But here on this mountain, God-of-the-Angel-Armies
will throw a feast for all the people of the world,
A feast of the finest foods, a feast with vintage wines,
a feast of seven courses, a feast lavish with gourmet desserts.
And here on this mountain, God will banish
the pall of doom hanging over all peoples,
The shadow of doom darkening all nations.
Yes, he’ll banish death forever.
And God will wipe the tears from every face.
He’ll remove every sign of disgrace
From his people, wherever they are.
Yes! God says so!
I read this passage (Isaiah 25:6-8) this morning and it made me think of the Eucharist, also known as Communion or the Lord’s Table depending on which Christian faith tradition you come from. Every Sunday we gather together and focus ourselves around the Word and the Eucharist. When we do so we recall what God has done in salvation history through the reading and preaching of the Bible. As it draws us into its story we remember the works of God in a holistic manner and are then placed within this overarching narrative. We see the hand of God among the people of Israel and the climax of the story with Jesus. As this narrative engulfs our lives, we then embody it with our lives as it reveals the reality of life itself.
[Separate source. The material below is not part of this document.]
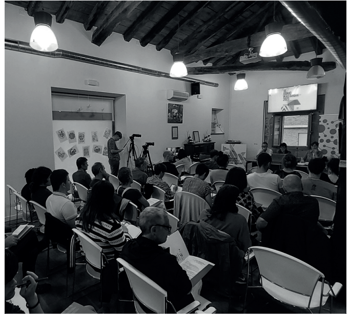
Gizarte mugimenduei buruzko iazko Jakin Jardunaldiko une bat.

12:30-13:15 "Batzuk, bestiak eta piztiak. Euskal gatazkaren irakurketa bitarra gainditzeko proposamen feminista bat".

Our individual and communal stories get re-translated in and through God’s own story.
We then focus ourselves on the Eucharist. It is here that we anticipate the future of God, as Isaiah tells us, when God will invite all to his banquet table. He will call people to this lavish banquet where we will feast on the finest foods and drinks. No expense will overlooked as we dine at this future event as one family. “Vintage wines” will be norm. Every cup will be full to the brim with the best wine you’ve ever tasted. Not wine from a few years back, but wine that is aged and full, reminding us of the life God provides for us: full and robust. And it is this that is anticipated in the Eucharist every Sunday when we “eat of this bread and drink of this cup.” As one family we approach Jesus’ table where he presents himself and meets us there in the bread and wine. We do so in remembrance of his death, but also in remembrance of his life. And by doing so, we remember in the present and also point beyond ourselves to the day when we as a whole family will do so together.
So in our gathering we remember the past, anticipate the future (as depicted in Isaiah), all while in the present.
God has been called plenty of things. Maybe we ought to think more fully of him as a wine connoisseur.